Located at one of the far ends of the orange line, this neighbourhood sushi restaurant fits right in with the motley crew of restaurants on Decarie Boulevard. There’s tons of options around here, but this is where you go in the area for quality sushi at a fraction of the cost you’ll find elsewhere. Make a reservation or plan to take your order of thick cut chu-toro, kamikaze rolls and tamago omelette nigiri to go.

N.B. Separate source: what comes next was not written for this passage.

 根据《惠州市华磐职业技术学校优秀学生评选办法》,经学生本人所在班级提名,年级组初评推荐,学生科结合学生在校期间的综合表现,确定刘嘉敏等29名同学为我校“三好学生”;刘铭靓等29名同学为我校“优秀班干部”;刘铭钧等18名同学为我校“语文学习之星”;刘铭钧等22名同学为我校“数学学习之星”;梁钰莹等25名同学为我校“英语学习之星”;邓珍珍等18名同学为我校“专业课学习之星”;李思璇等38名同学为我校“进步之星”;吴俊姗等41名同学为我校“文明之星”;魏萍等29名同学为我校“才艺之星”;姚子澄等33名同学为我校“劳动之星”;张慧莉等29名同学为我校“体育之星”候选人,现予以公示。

This gorgeous vegan sushi restaurant in the Old Port is the brainchild of Sushi Momo owner Christian Ventura and Dominic Bujold of Sushi Shop and vegetarian restaurants LOV. The zen-inspired design courtesy of Jacinthe Piotte makes Bloom Sushi the most romantic vegetarian restaurant in the city, thanks to wood and foliage adorning the wraparound bar and adjacent dining room. The menu is an extensive list of creative appetizers, maki, cocktails and sake, from the Kamikaze roll with heart of palm and avocado to the Bollywood with vegan shrimp, sweet potato and curry aioli. There’s even marinated enoki mushroom nigiri and a trademarked tomato “Tunato” nigiri with green onion garnish and balsamic glaze.

This restaurant is the brainchild of owner Madonna Bailey and her friends from downtown restaurant Shô-Dan, who figured that the West Island needed its first upscale sushi restaurant back in 2003. Ever since, people have been travelling for the ambiance—wood-panelled walls lined with art and a sushi counter coloured royal blue by the lights above—as much as they have for fusion rolls.

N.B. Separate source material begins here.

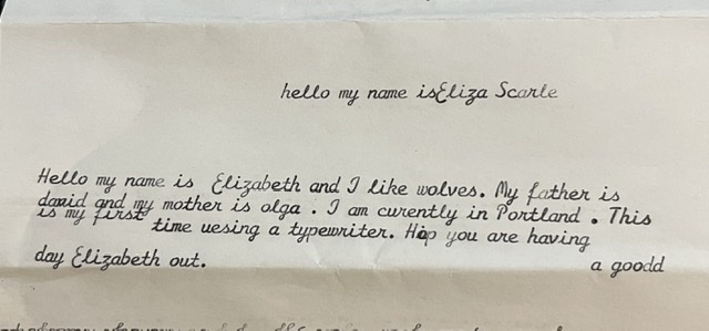 You found one with cursive keys and enjoyed it very much. You got the hang of it quickly, and even wrote a personal paragraph. But we left that one in the shop.

This 15-seater is BYOB, but most opt for delivery and take-out anyway, which is really still BYOB since the owner encourages you to bring-your-own-bag. Besides, you can have whatever beer, wine or sake you want at home, but are you really going to make your own deep-fried smoked meat roll (pickles included)?

It’s all the usual suspects at this tiny sushi shop and Asian convenience store; California rolls, sushi pizzas and some of the cheapest nigiri around make up the eat-in menu. For better ambiance, though, join the line for takeout and don’t forget to grab some pocky and mochi ice cream on your way out.


Those who know this downtown sushi spot from chef Haruo Ogrura and Jack Roko know it delivers, and those that try it are immediately romanced. The chef’s thirty years of experience are on full display, working with both imports from Japan as well as regional fish as well to form its long menu of sashimi, nigiri, temaki, hosomaki, and chumaki.

Priding itself on having the largest selection of sashimi this side of the Saint-Lawrence River, this sushi restaurant in Saint-Lambert ’s Shoji is perfect for those looking to explore new flavours alongside all the classics. From ‘new style’ sashimi with butterfish in truffle sauce, sea bass with micro greens, and sea bream in ponzu sauce to foie gras maki and expansive omakase menus—plus an à la carte sushi menu—it’s some of the best and freshest in the city.


Platters on platters of colourful displays of sushi make up this Mile End restaurant’s menu, where there’s just as much maki and omakase plates as there are curiosities like the ‘exotic salmon’ where it’s artfully served carpaccio style or the salmon tartare ‘Mount Fuji’ that comes served on a fried shiso leaf. Better still, the menu shifts items now and then, leaving you guessing with every fulfilling return visit.